Par analogie avec les maladies auto-immunes, on suppose qu’il existe une dérégulation des cellules T et B dans le cas de Long-Covid [1]. L’histologie révèle parfois des signes d’événements thromboemboliques/thrombotiques dans les petits vaisseaux cutanés, probablement dus à des complexes immuns antigènes-anticorps chargés de virus (par ex. infiltrats lymphocytaires périvasculaires ou œdème intradermique) [11,25–28]. Par la suite, une transformation fibrosante du tissu dermique peut se développer [29]. L’acétylcholinestérase 2 (ACE2) est exprimée par les kératinocytes épidermiques et folliculaires, les fibroblastes dermiques, les cellules endothéliales vasculaires dans la peau et son expression est corrélée avec des paramètres inflammatoires tels que les cellules tueuses naturelles, les cellules T cytotoxiques et les cellules B [30]. En ce qui concerne le livedo reticularis/racemosa et la vascularite, une relation avec le statut d’hypercoagulabilité au Covid-19 est suspectée [16].

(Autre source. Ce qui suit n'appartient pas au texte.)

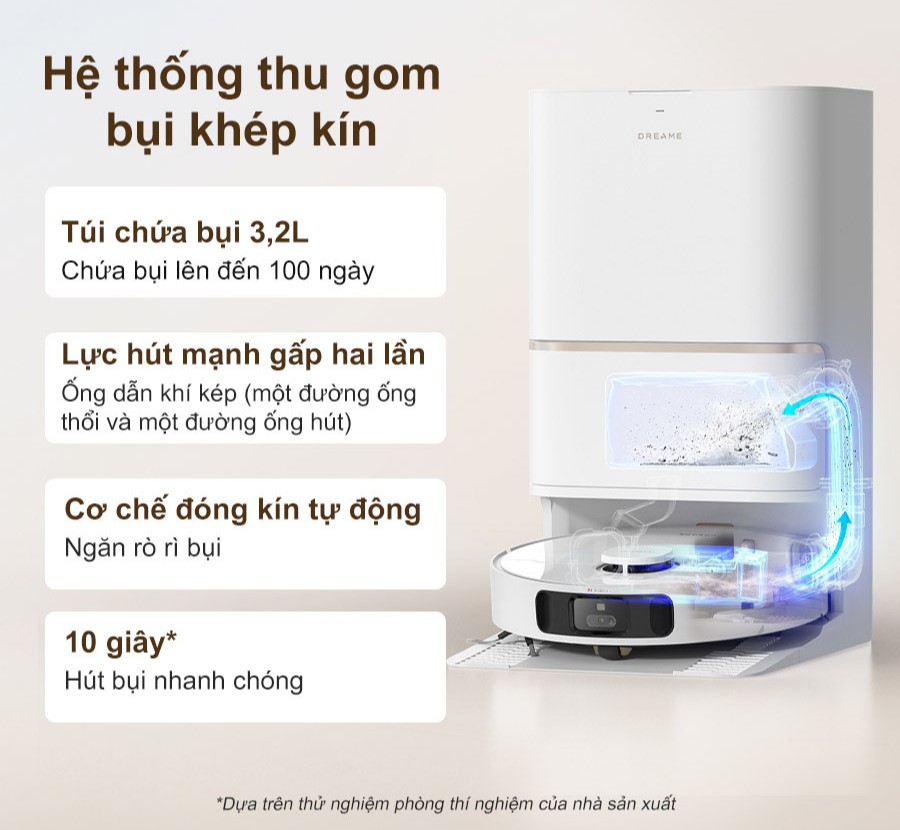 Hệ thống tự động thu gom bụi của Dreame L30s Ultra được thiết kế tiên tiến với khả năng lưu trữ bụi lên đến 100 ngày. Với hai ống dẫn khí tạo thành vòng tuần hoàn khép kín, hệ thống này ngăn ngừa rò rỉ bụi bẩn từ hộp bụi, miệng hút và túi đựng bụi. Túi thu gom bụi dung tích 3.2L không chỉ có khả năng tiêu diệt 99.9% vi khuẩn mà còn lọc các chất gây dị ứng, đảm bảo không khí trong nhà luôn trong lành. Hệ thống hút kép với hai ống dẫn khí – một ống thổi và một ống hút, giúp thu gom bụi nhanh chóng chỉ trong 10 giây, mang lại sự sạch sẽ tối ưu cho ngôi nhà của bạn.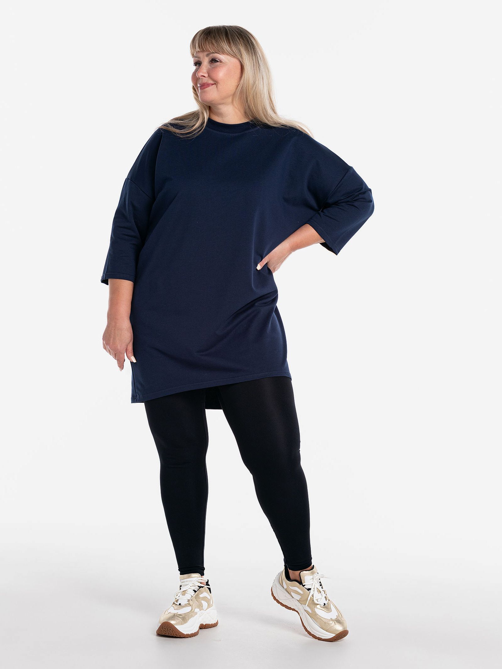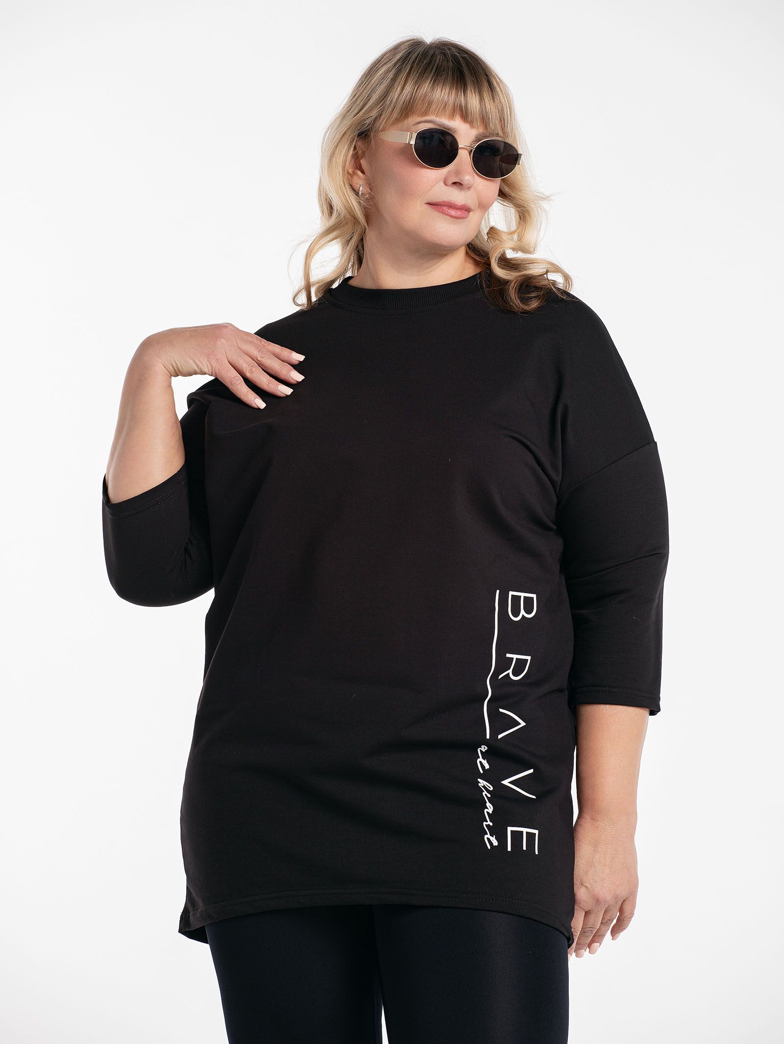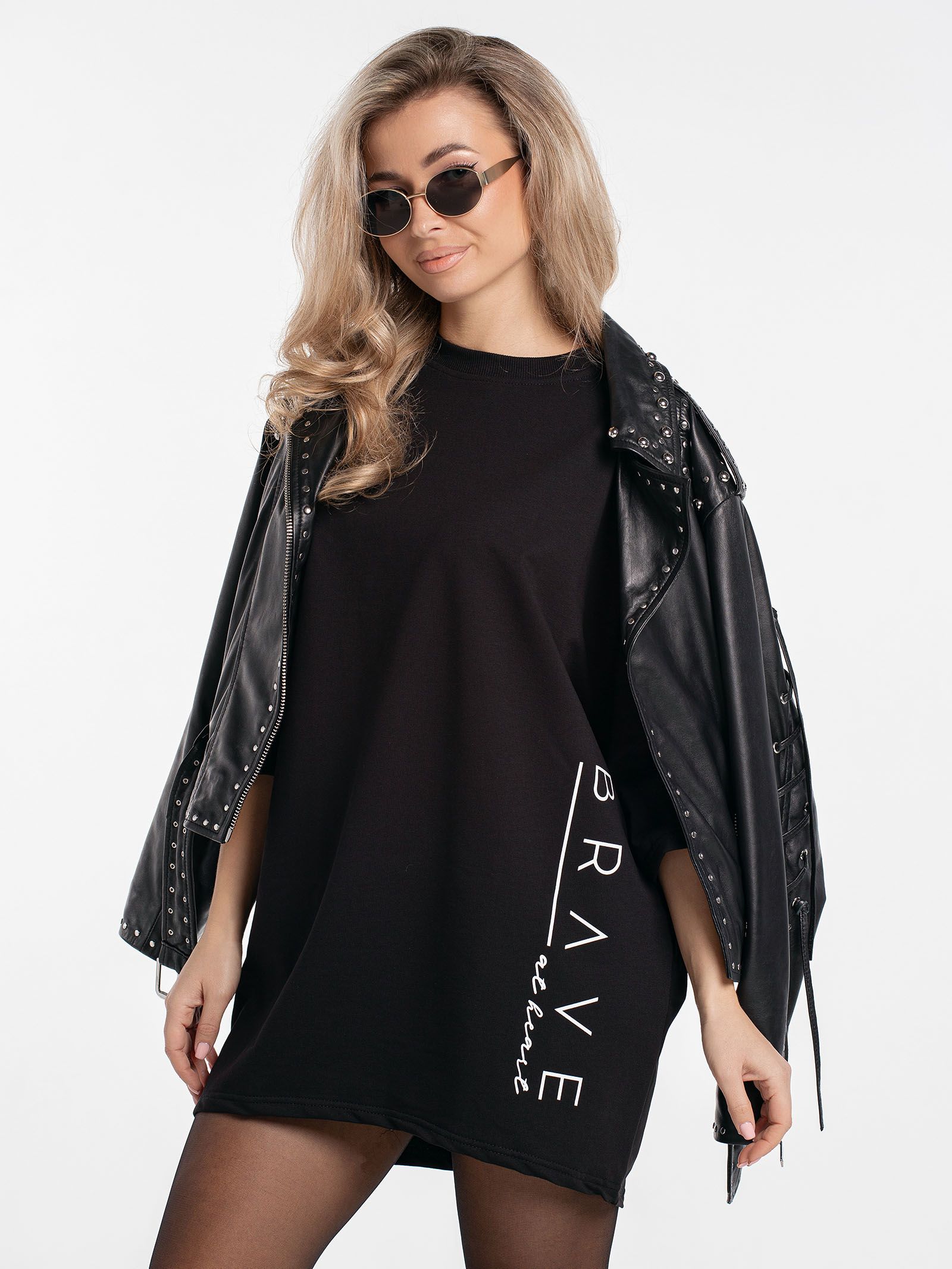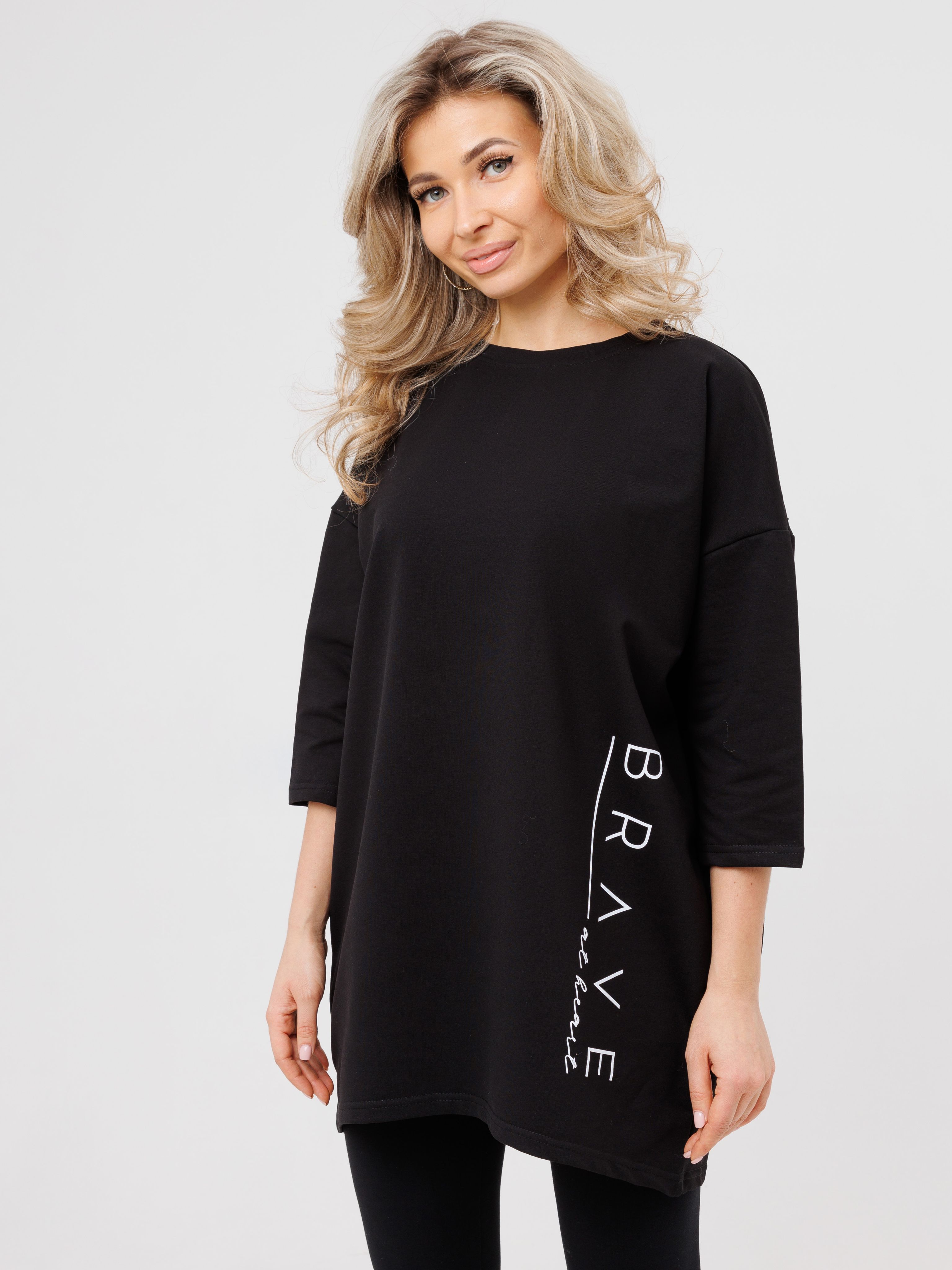 "body": "Чтобы подобрать посадку как на модели выбирайте свитшот с параметрами \nна 30-35 см больше своего обхвата по груди. Длина разрезов у бедра около 18 см."

Traitement axé sur les symptômes recommandé
Dans la ligne directrice S1 de Koczulla et al. il est précisé que la plupart des lésions cutanées décrites en relation avec le Covid-19 guérissent spontanément en quelques semaines, sans traitement spécifique [2]. Pour les patients présentant des symptômes nécessitant un traitement, tels que des démangeaisons atroces ou des lésions défigurantes, il est conseillé de suivre un traitement axé sur les symptômes. Pour ce faire, il est possible d’utiliser des antihistaminiques ou des produits externes rafraîchissants et couvrants, ainsi que des corticostéroïdes à usage lésionnel et local de courte durée. En cas d’exsiccose, l’utilisation d’excipients relipidants et hydratants est recommandée. Si les symptômes ne peuvent être contrôlés et en cas d’évolution destructrice de la peau (par ex. nécroses), une orientation vers un spécialiste doit être envisagée. S’il existe des indices de détresse psychologique en rapport avec les lésions cutanées (par exemple, crainte marquée d’être défiguré en cas de perte de cheveux, lavage compulsif des mains), un co-suivi psychosomatique peut être utile. Les patients doivent être informés qu’une rémission complète des lésions cutanées et de la perte de cheveux est susceptible de se produire après un certain temps. Les cheveux poussent de manière cyclique, les maladies et le stress peuvent entraîner des troubles réversibles (encadré) [2].